Retarded Potential of Moving Charge

[Shinobii]

Homework Statement

Calculate \phi_{ret} for a charge moving with constant v, along the x-axis.

2. The attempt at a solution

$$
\phi = q \int_{-\infty}^{\infty} \frac{\delta(x' - vt')}{|\vec{r} - \vec{r}'|} dx'.
$$

I then use the Dirac delta relation,

$$
\int_{-\infty}^{\infty} \delta[f(x)]g(x) = \frac{g(x_o)}{|f'(x_o)|}.
$$

Where x_o is the solution of f(x_o) = 0.

I am not really sure how to do this, except that

$$
\begin{eqnarray}
f(x) &=& x' - vt', \\
g(x) &=& \frac{1}{|\vec{r} - \vec{r}'|}.
\end{eqnarray}
$$

Which results in (I think),

$$
\frac{1}{|\vec{r} - \vec{r}_o|}\frac{-1}{\frac{d(vt')}{dt}}.
$$

Then I suppose I would substitute t' = t - |\vec{r} - \vec{r}_o|/c. Looking at the derivative in the denominator I would get,

$$
v \bigg( 1 - \frac{1}{c}\frac{d}{dt}|\vec{r} - \vec{r}_o| \bigg).
$$

But here is where I get stuck (assuming I have not already made any mistakes).

Ok I was able to reach the final result for the derivative;

$$
-v \bigg( 1 - \frac{v}{c} \frac{(\vec{x} - \vec{x}_o)}{|\vec{r} - \vec{r}_o|} \bigg)
$$

however, I have a pesky -v term multiple to the result!
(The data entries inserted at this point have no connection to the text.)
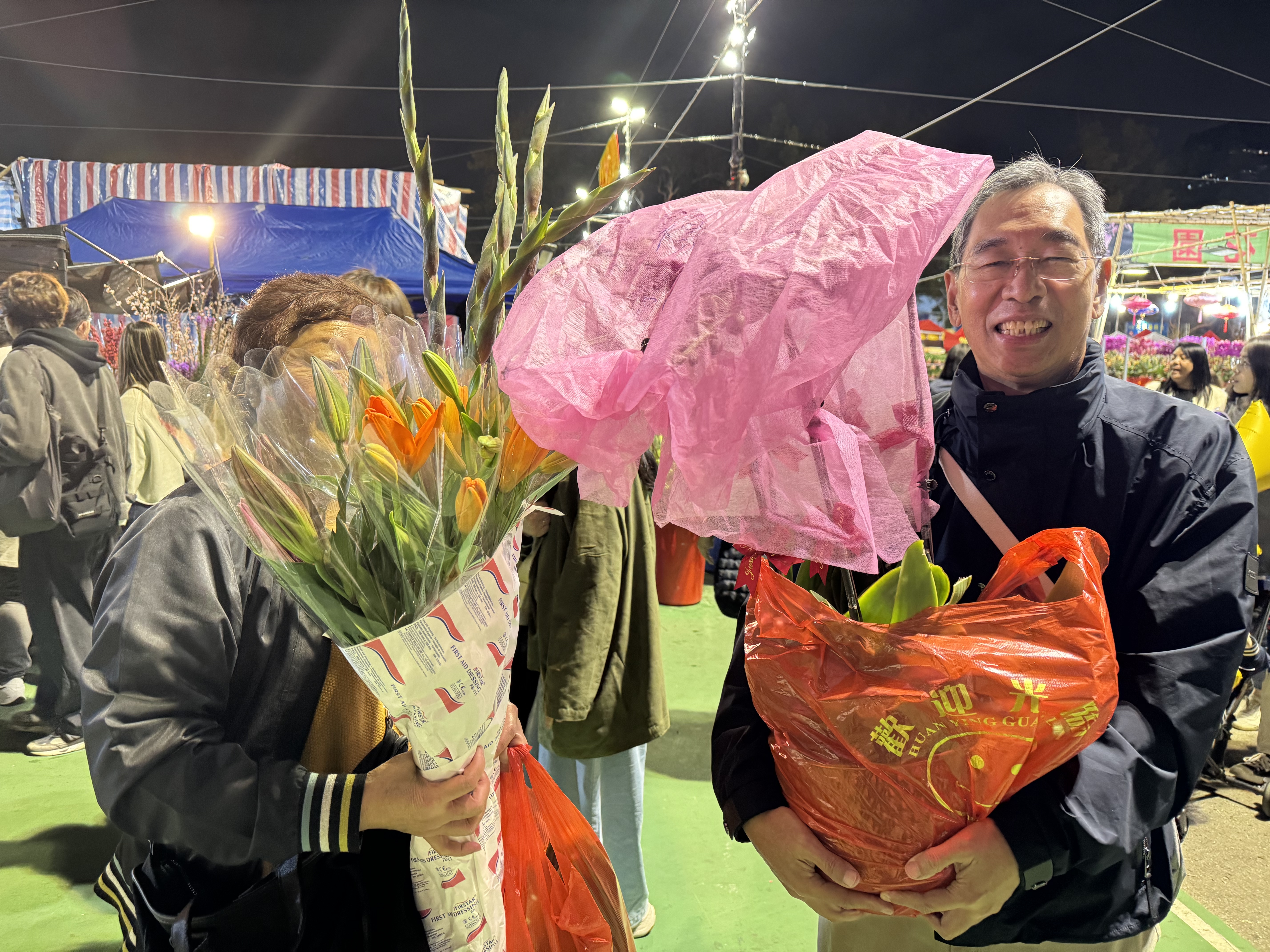待到今天的攤位快收攤時,許多市民都抱着買到的「寶貝」滿意而歸。楊先生和太太今天來逛年宵市場,買到了蝴蝶蘭、劍蘭和百合。楊先生說,買花寓意着花開富貴,有好彩頭。他還說今年來得早,花就新鮮點,以前年年都會來逛,不過都比較晚,除夕那天花也會便宜些。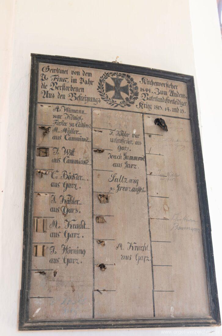 Orgel: Garz – Dorfkirche (ehem. St. Maria Magdalena)
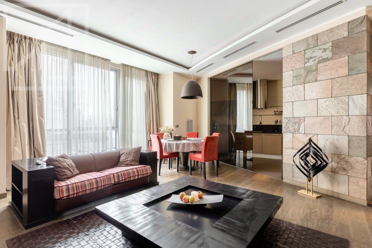 Планировка: гостиная, кухня-столовая, мастер-спальня со своей ванной комнатой и гардеробной, две гостевые спальни, два санузла, кладовая. Из гостиной обустроен вход на просторную, уютную террасу с видом на Москва реку. Ремонт выполнен в современном стиле. Квартира полностью меблирована и оснащена всей необходимой техникой для комфортного проживания.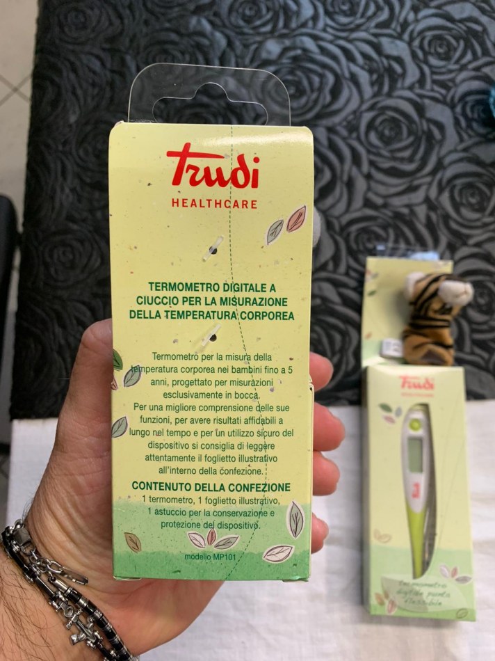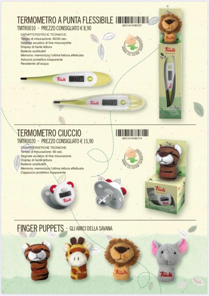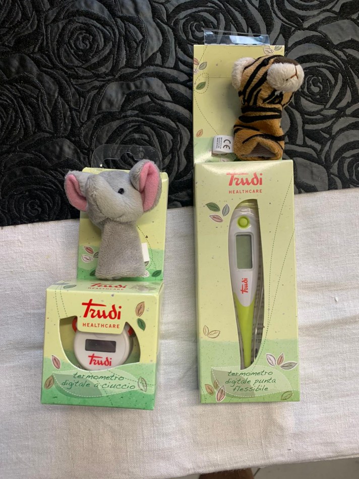 Thermomètres Trudi, prix de vente 5 euros par pièce. Disponible environ 1000 sucettes (pack bas) et environ 3000 embouts flexibles (pack haut)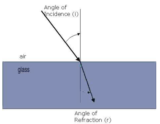 sin i/sin r = ng /na= speed of light in air/speed of light in glass
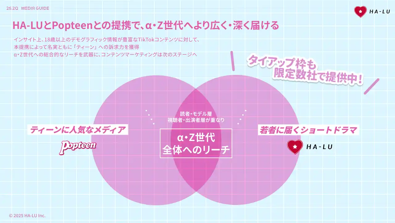 数分で心が夢中になるショートドラマレーベル、株式会社HA-LU(本社:東京都港区、代表取締役:岡 春翔、以下「HA-LU」)と、ティーン向けWEBメディア『Popteen』を運営する株式会社ポップティーン(本社:東京都中央区、代表取締役:大島 正人、以下「ポップティーン」)は、コンテンツ制作における協業を開始しました。 |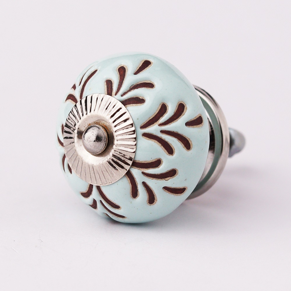Enhance your furniture with the Light Sage Green Etched Leaf Ceramic Cabinet Knobs, which bring a touch of natural beauty and tranquility. These knobs feature a beautifully intricate etched leaf design in a soft sage green, offering a sophisticated yet calming look. They are ideal for adding charm to cabinets, drawers, or dressers, seamlessly combining timeless craftsmanship with a refreshing, nature-inspired aesthetic.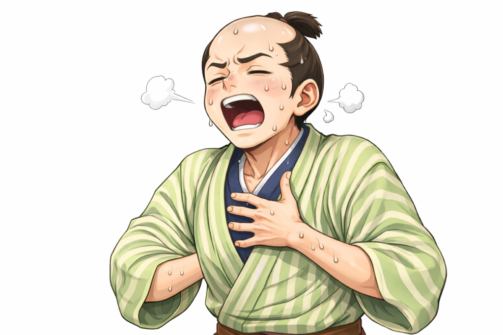 櫓に上がって、八つぁん「海山越えてこの世に住み慣れて・・・・・・ここが高い声だと言ってたな・・・・・(思い切り甲高く大きな声で)煙が立つう!」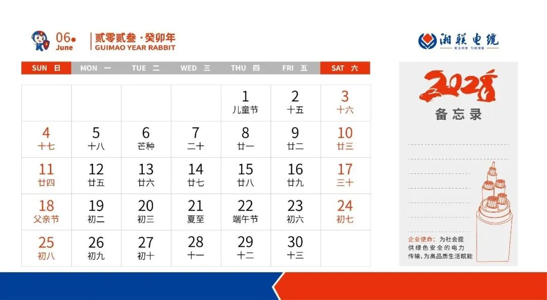 元旦快樂 | 敬呈2023年湘聯電纜月歷
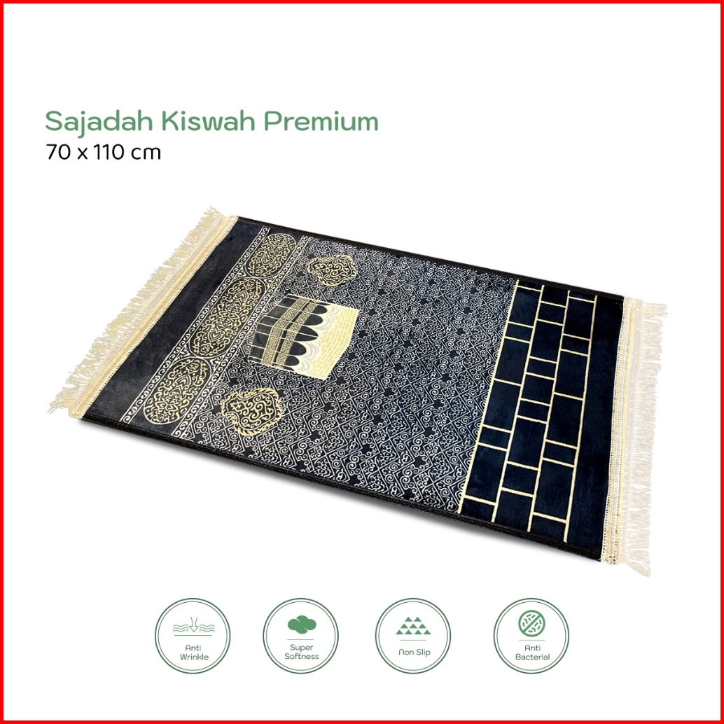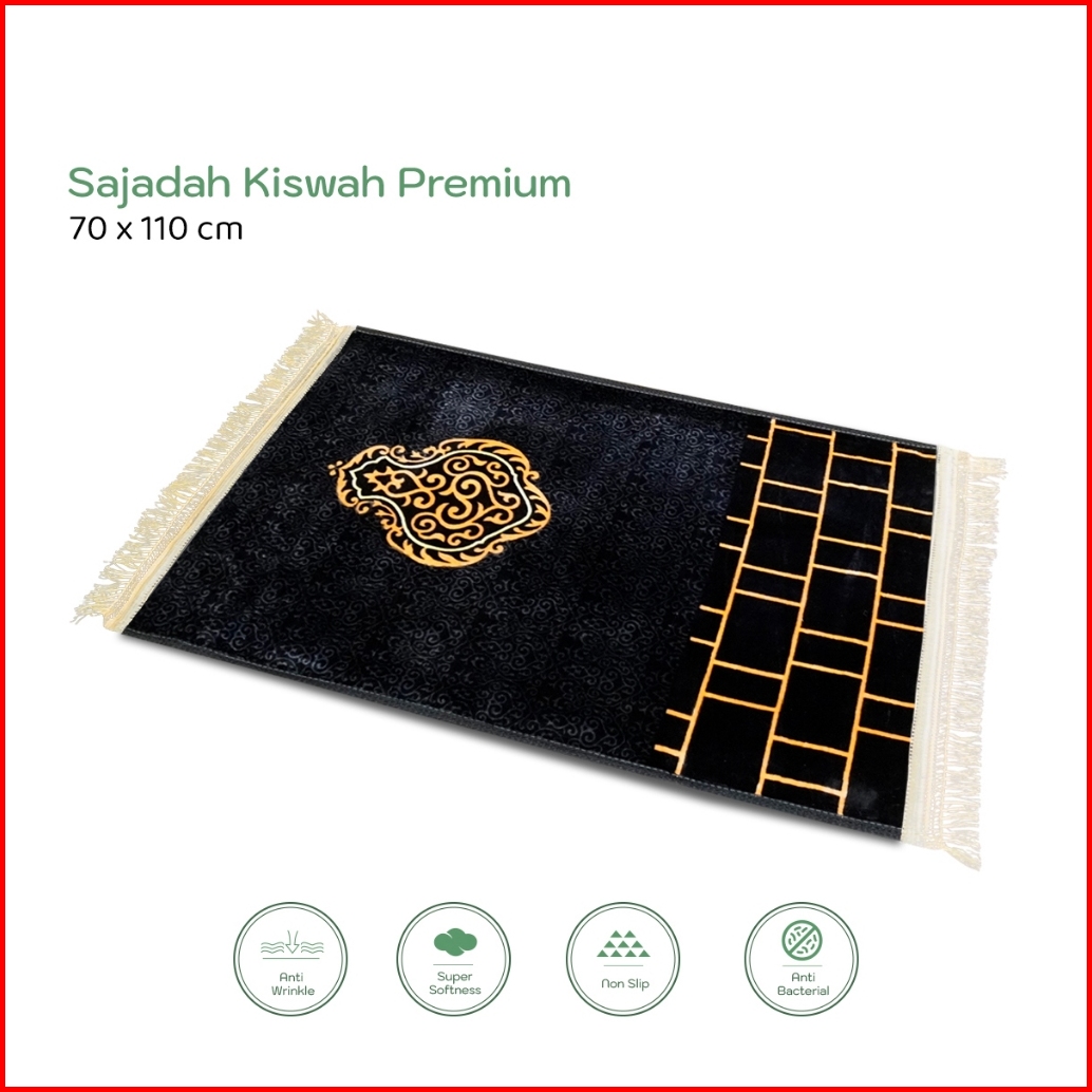 Sajadah Kiswah Turki Rumbai Bludru Tebal Premium 70x110 Sejadah Hitam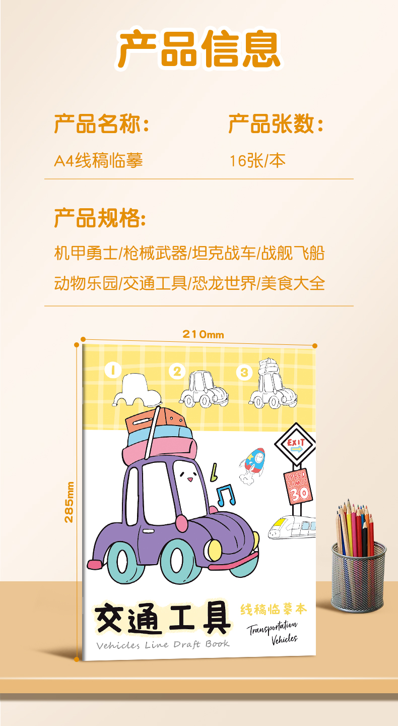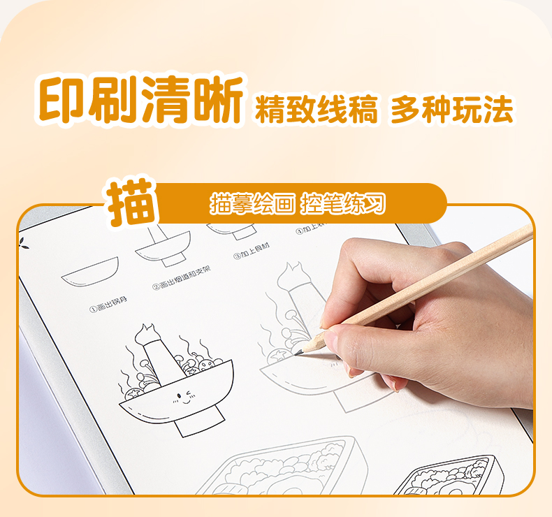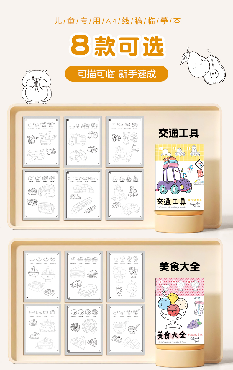 A4线稿描摹卡通线稿描摹本儿童零基础临摹美食大全画本A4线稿素描本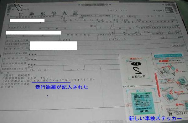 合格後交付された車検証(走行距離が記入された)と小さくなったステッカー |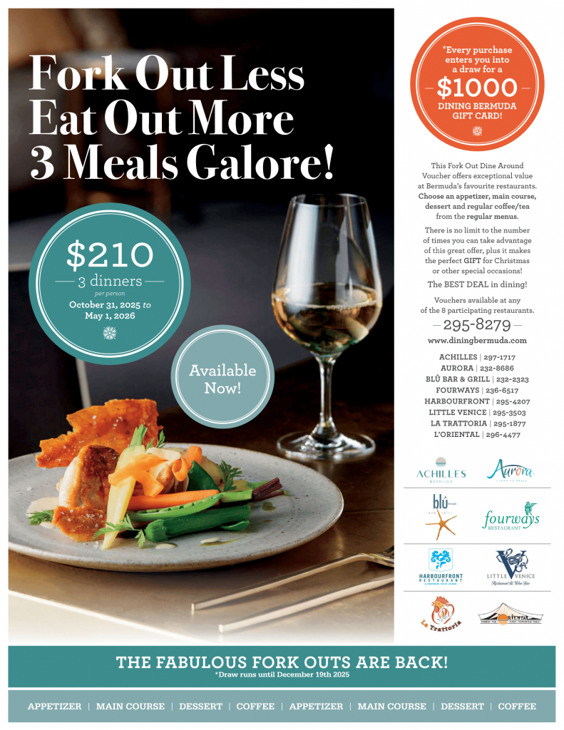 From now until Dec 19th every purchase enters you into a draw for a $1000 Dining Bermuda gift card!

Should I have written the delta as \delta(x' - v't') instead of \delta(x' - vt')?

 

[Shinobii]

Ah, I think I figured it out. We are looking at the case where f(x_o) = 0, so we just divide by v.

 

[Shinobii]

If anyone is keeping track, it turns out I should have been taking the derivative w.r.t x. . . f'(x_o) = \frac{d}{dx}f(x_o). Woops!